Change the layer mask rubylith color or opacity

  1. Double-click the layer mask channel in the Channels panel.

  2. To choose a new mask color, in the Layer Mask Display Options dialog box, click the color swatch and choose a new color.
  3. To change the opacity, enter a value between 0% and 100%.

    Both the color and opacity settings affect only the appearance of the mask and have no effect on how underlying areas are protected. For example, you may want to change these settings to make the mask more easily visible against the colors in the image.

  4. Click OK.

Adjust mask opacity and edges

Use the Properties panel to adjust the opacity of a selected layer or vector mask. The Density slider controls mask opacity. Feather lets you soften mask edges.

Additional options are specific to layer masks. The Invert option reverses masked and unmasked areas. The Mask Edge option gives you various controls to modify the mask edges, such as Smooth and Contract/Expand. For information on the Color Range option, see Create and confine adjustment and fill layers.

Change mask density

  1. In the Layers panel, select the layer containing the mask you want to edit.
  2. In the Layers panel, click the Mask thumbnail. A border appears around the thumbnail.

  3. In the Properties panel, drag the Density slider to adjust the mask opacity.

    At 100% density, the mask is completely opaque and blocks out any underlying area of the layer. As you lower the density, more of the area under the mask becomes visible.

Feather mask edges

  1. In the Layers panel, select the layer containing the mask you want to edit.
  2. In the Layers panel, click the Mask thumbnail.
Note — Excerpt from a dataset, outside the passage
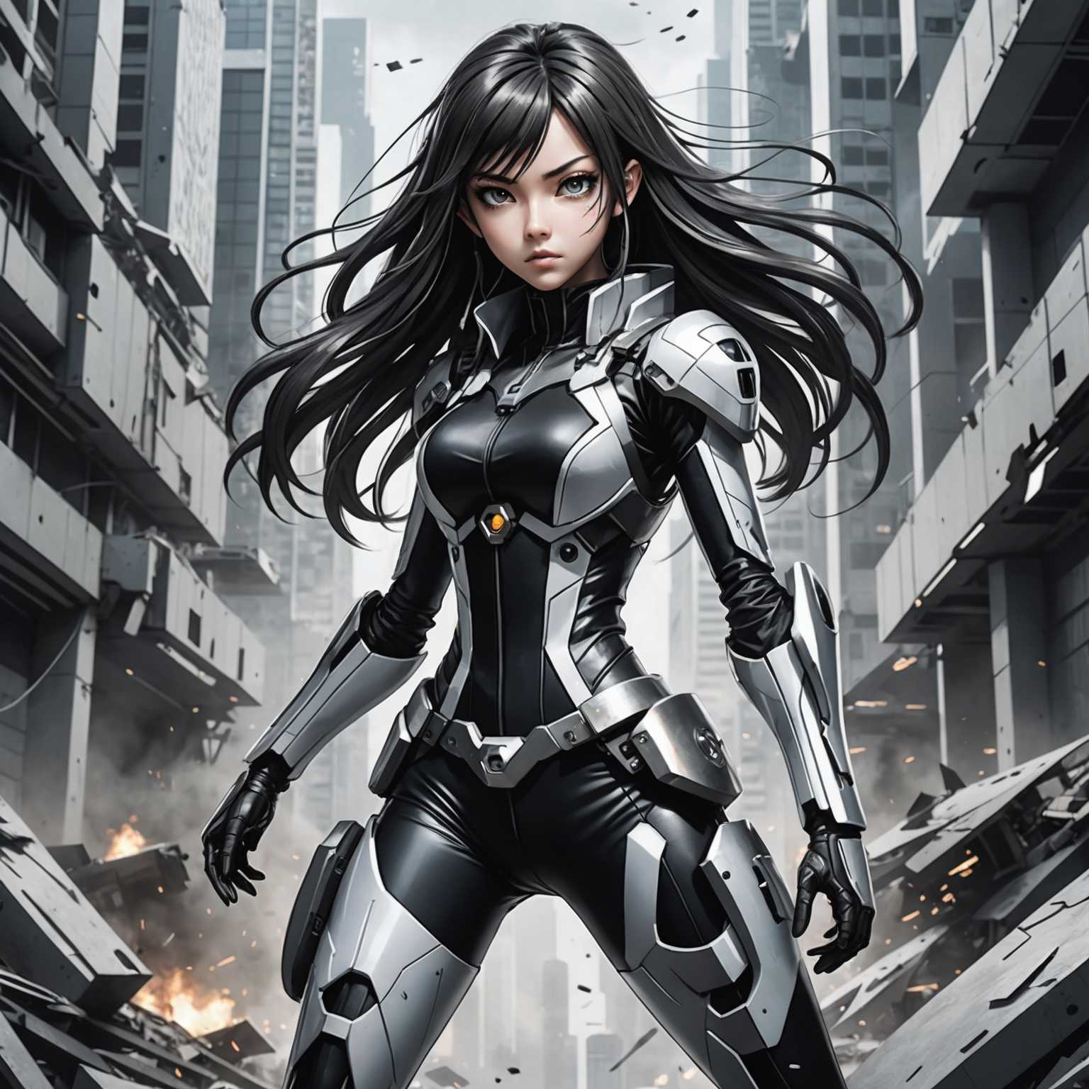 Die Darstellung zeigt eine dramatische Szene im Stil einer schwarz-weißen Grafiknovelle. Im Mittelpunkt steht ein junges, entschlossen aussehendes Anime-Mädchen mit großen, ausdrucksstarken Augen und fließendem Haar. Sie trägt ein detailliertes, futuristisches Outfit mit verschiedenen metallischen und stofflichen Texturen. Ihre Pose deutet darauf hin, dass sie sich mitten in einer Actionszene befindet. Um sie herum ist der Hintergrund akribisch detailliert mit scharfen Kontrasten und dynamischen Schattierungen, die eine chaotische städtische Umgebung mit hohen Gebäuden, Trümmern und futuristischer Technologie darstellen. Die gesamte Komposition ist intensiv und voller Bewegung und fängt die energiegeladene Atmosphäre eines Höhepunktes in einer Handlung ein.

A border appears around the thumbnail.

  3. Drag the Feather slider to apply feathering to the mask edges.

    Feathering blurs the edges of the mask to create a softer transition between the masked and unmasked areas. Feathering is applied from the edges of the mask outward, within the range of pixels you set with the slider.

Refine mask edges

  1. In the Layers panel, select the layer containing the mask you want to edit.
  2. In the Layers panel, click the Mask thumbnail. A border appears around the thumbnail.

  3. Click Mask Edge. You can modify mask edges with the options in the Refine Mask dialog box and view the mask against different backgrounds. For a description of options, see Refine selection edges.

  4. Click OK to close the Refine Mask dialog box and apply your changes to the layer mask.